Three of the four identified genes (Table 2), TBC1D16, TBC1D8, and RASA2, have been previously implicated in relation to asthma and/or obesity/BMI, supporting the informativity of genes identified in this study. For example, the interleukin-6 receptor (IL-6R) is linked to increased risk of asthma [53] and obesity [54], and its expression is positively associated with expression of TBC1D8 and negatively with expression of TBC1D16 [55]. One study noted that DNAm of TBC1D8 was associated with obesity [56], while others showed that expression of TBC1D8 was positively associated with obesity in abdominal and gluteal subcutaneous adipose tissue [57]. Many studies have suggested a connection between RASA2 and BMI [58, 59], as well as its association with atopy and asthma [60]. While these previous studies have focused on the association between gene expression and/or genetic variation in these genes with BMI and asthma, the results of this study, from the angel of epigenetics, suggest that these genes may act as a potential epigenetic mediator between BMI trajectories and asthma.

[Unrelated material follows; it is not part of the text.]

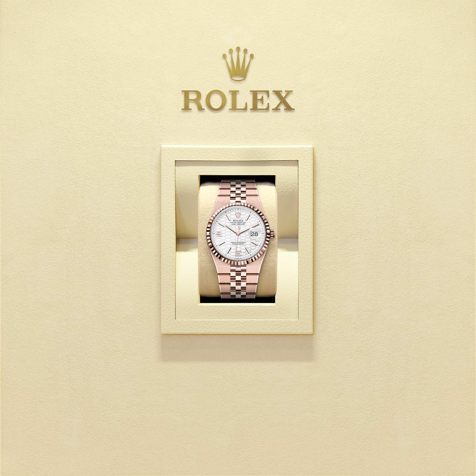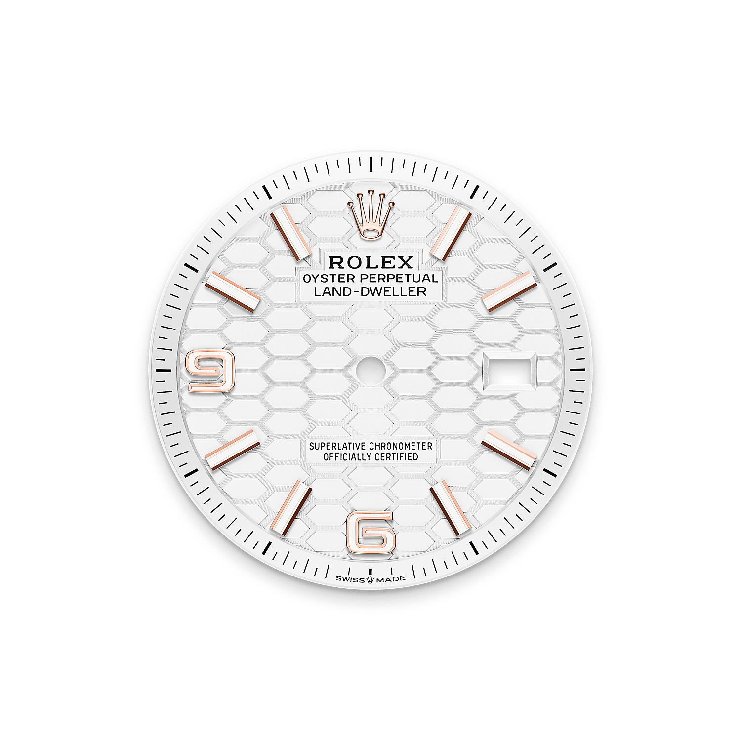 The Land-Dweller 36 in 18 ct Everose gold with an intense white, honeycomb-motif dial and Flat Jubilee bracelet.

Adolescence is a period in which both males and females experience rapid growth and in which there are clear sex-specific changes in asthma incidence. The availability of asthma status at two key time points, pre- and post-adolescence, offered us the opportunity to examine asthma incidence during this critical period. In comparison to measuring BMI at discrete time points, BMI trajectories allow for the dynamic visualization of BMI changes over time for certain groups of participants and allow researchers to follow similar developmental patterns of BMI over age, thereby reflecting unique features of each group. The use of BMI trajectories allows for the simultaneous consideration of intensity, age of onset and duration of adiposity, which may improve the predictability of future BMI patterns. To our knowledge, this is the first study to examine the DNAm at pre-adolescence mediates the association of BMI trajectories in childhood with asthma incidence at young adulthood. This study design with a unique time order, encapsulating pre-adolescence to post-adolescence, allowed for the dissection of the total effects of BMI trajectory on the risk of asthma and whether and how DNAm affects this relationship.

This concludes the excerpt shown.